WHAT YOU NEED TO DO
Every line of the material below should be output exactly as written, with the images skipped.
%%
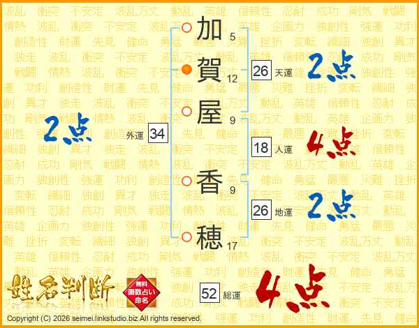 加(5画)賀(12画)屋(9画) 香(9画)穂(17画)
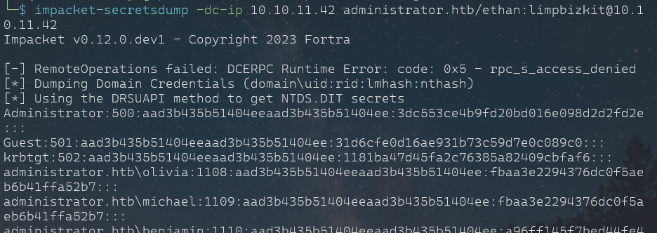 impacket-secretsdump -dc-ip 10.10.11.42 administrator.htb/ethan:limpbizkit@10.10.11.42- we can use this hash now
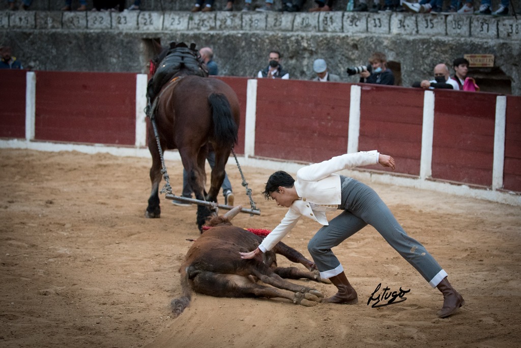 Borja Gimeno, de Sedaví, se presentaba en público y se fue a porta gayola. Valor, desparpajo y ganas de ser torero, solo dos pinchazos le privaron de los máximos trofeos. Al natural dejó sus mejores muletazos.
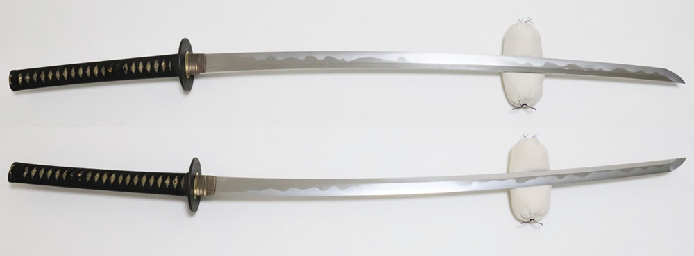 | 二代包貞は初代越後守包貞に学び、その跡目を継ぎ、初め越後守包貞を名乗っていたが、初代の実子が成人すると、越後守包貞の名を譲り、自らは坂倉権之進照包と銘した(延宝八年1680)。作風は助廣に倣った濤乱や互の目乱れなど多いが、稀に大湾れや直刃の作も見られ、そのいずれの作柄でも、匂が深く沸のよく付いた、匂口が明るい出来となる。本作は均整が取れた2尺4寸6分半の長寸。鍛が精良で優れ、二代包貞の得意とした濤乱風の大互の目乱れ。匂口が明るく冴えて焼刃に矢筈風の刃や、片山乱れと称する同工独特の刃形が見られ、飛焼き状の玉を焼く。二代越後守包貞の優品である。寛文九年(1669)の年紀貴重。上等な黒呂磯草塗鞘打刀拵が付されている。2024年特別保存刀剣審査合格。 |
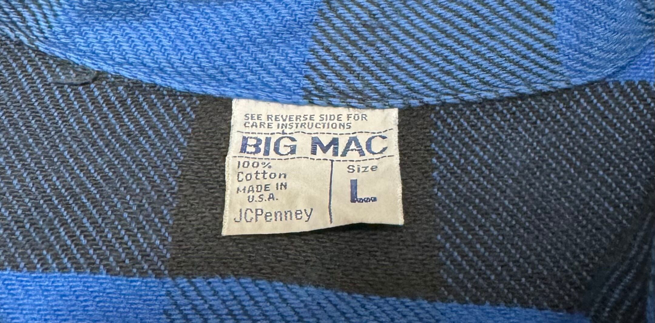 70年代のビッグマックのコットンベビーフランネル。青黒のブロックチェックでサイズLと、かなり条件揃ってます。
%%
ANSWER SECTION
 加(5画)賀(12画)屋(9画) 香(9画)穂(17画)
 impacket-secretsdump -dc-ip 10.10.11.42 administrator.htb/ethan:limpbizkit@10.10.11.42- we can use this hash now
 Borja Gimeno, de Sedaví, se presentaba en público y se fue a porta gayola. Valor, desparpajo y ganas de ser torero, solo dos pinchazos le privaron de los máximos trofeos. Al natural dejó sus mejores muletazos.
 | 二代包貞は初代越後守包貞に学び、その跡目を継ぎ、初め越後守包貞を名乗っていたが、初代の実子が成人すると、越後守包貞の名を譲り、自らは坂倉権之進照包と銘した(延宝八年1680)。作風は助廣に倣った濤乱や互の目乱れなど多いが、稀に大湾れや直刃の作も見られ、そのいずれの作柄でも、匂が深く沸のよく付いた、匂口が明るい出来となる。本作は均整が取れた2尺4寸6分半の長寸。鍛が精良で優れ、二代包貞の得意とした濤乱風の大互の目乱れ。匂口が明るく冴えて焼刃に矢筈風の刃や、片山乱れと称する同工独特の刃形が見られ、飛焼き状の玉を焼く。二代越後守包貞の優品である。寛文九年(1669)の年紀貴重。上等な黒呂磯草塗鞘打刀拵が付されている。2024年特別保存刀剣審査合格。 |
 70年代のビッグマックのコットンベビーフランネル。青黒のブロックチェックでサイズLと、かなり条件揃ってます。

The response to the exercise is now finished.